QRA techniques on dynamic positioning systems during drilling operations in the Arctic: With emphasis on the dynamic positioning operator

Abstract

With the Norwegian government moving the ice edge farther north than ever before, opening for new areas for petroleum exploration, it will need research on how these areas can affect oil and gas operations. A sensitive environment along with the harsh Arctic climate and remote distances means that severe accidents, like blowouts, will have serious impacts and make cleanup and rescue actions to challenging operations. Additionally, humans working under these conditions are prone to be affected with regards to their reliability, which means that human errors are more likely to occur. The use of dynamic positioning systems as position-keeping solutions on mobile offshore drilling units is becoming increasingly popular as it is quick and easy to change position, independent on seabed conditions and does not need handling of anchors.
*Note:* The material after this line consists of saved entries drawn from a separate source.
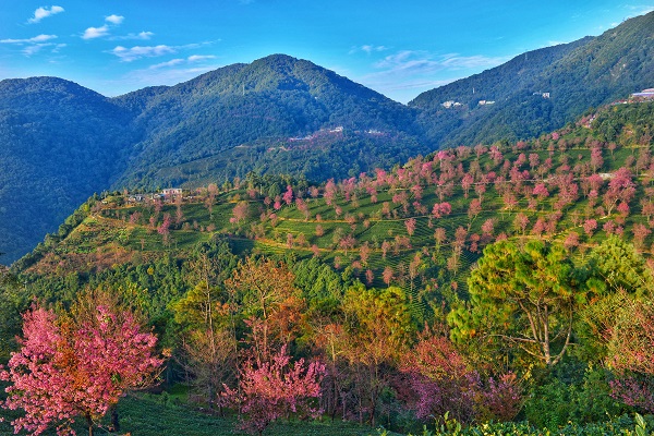 春回大地,萬物復蘇,春花爛漫,滿山的繁花風頭正盛,給大地披上五彩斑斕的外衣。(蔣莉 攝)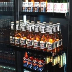 | Classy upright quiet running bar fridge designed especially with a shallow depth for areas where space is a premium. Unit is front venting and design to be free-standing OR built into a cavity, it comes with special brackets to attach to the wall for stability. Electronic control temp 1 > 18oC. It has the highest quality inverter driven EMBRACO brand compressor that is excellent for low energy usage when cooling and the ‘dimmable’ 5 x LED light colour choices of white, red, orange, blue or green make a great feature. Reversible door with lock and triple glazed LOW E glass helps prevent condensation. ** Remember brackets come with unit to secure to wall – being so shallow it has small chance to topple if empty and opening door ** |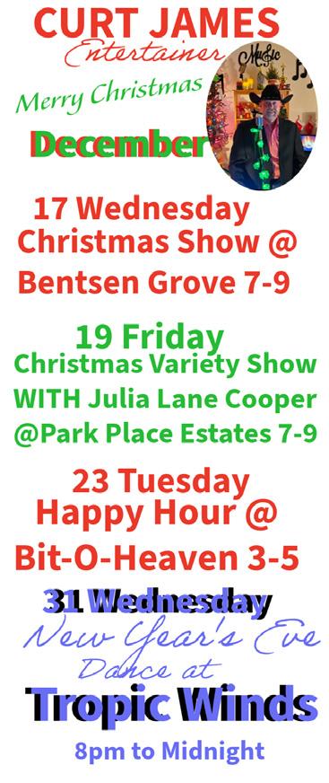 New Year’s Eve w/DJ Roland 9:00 PM Eastgate RV Park Harlingen (956) 423-3137 TBA

The dynamic positioning operation is managed by an operator who is responsible for keeping the vessel in position, in addition to being a barrier for safely shutting in the well and disconnecting the riser configuration from the BOP when position-keeping is not possible. Quantitative risk assessment techniques have been used in the offshore industry for decades. They are usually applied to operations and systems, but are also possible to utilize for analyzing humans and their contribution in a risk picture. Based on a set of precautions, a model for analyzing dynamic positioning systems during loss-of-position events in the Arctic, with the focus particularly on the dynamic positioning operator, is in this thesis developed. A fictional comparison between a dynamic positioning drilling operation influenced by Arctic conditions and a similar operation in an area not exposed to such conditions is also provided. The comparison will indicate to which extent the reliability of the dynamic positioning operator is decreased by influence of Arctic conditions, and the role this plays in the recovery phase of loss of position events. Hopefully the findings in this thesis can contribute to safer oil and gas operations in the Arctic.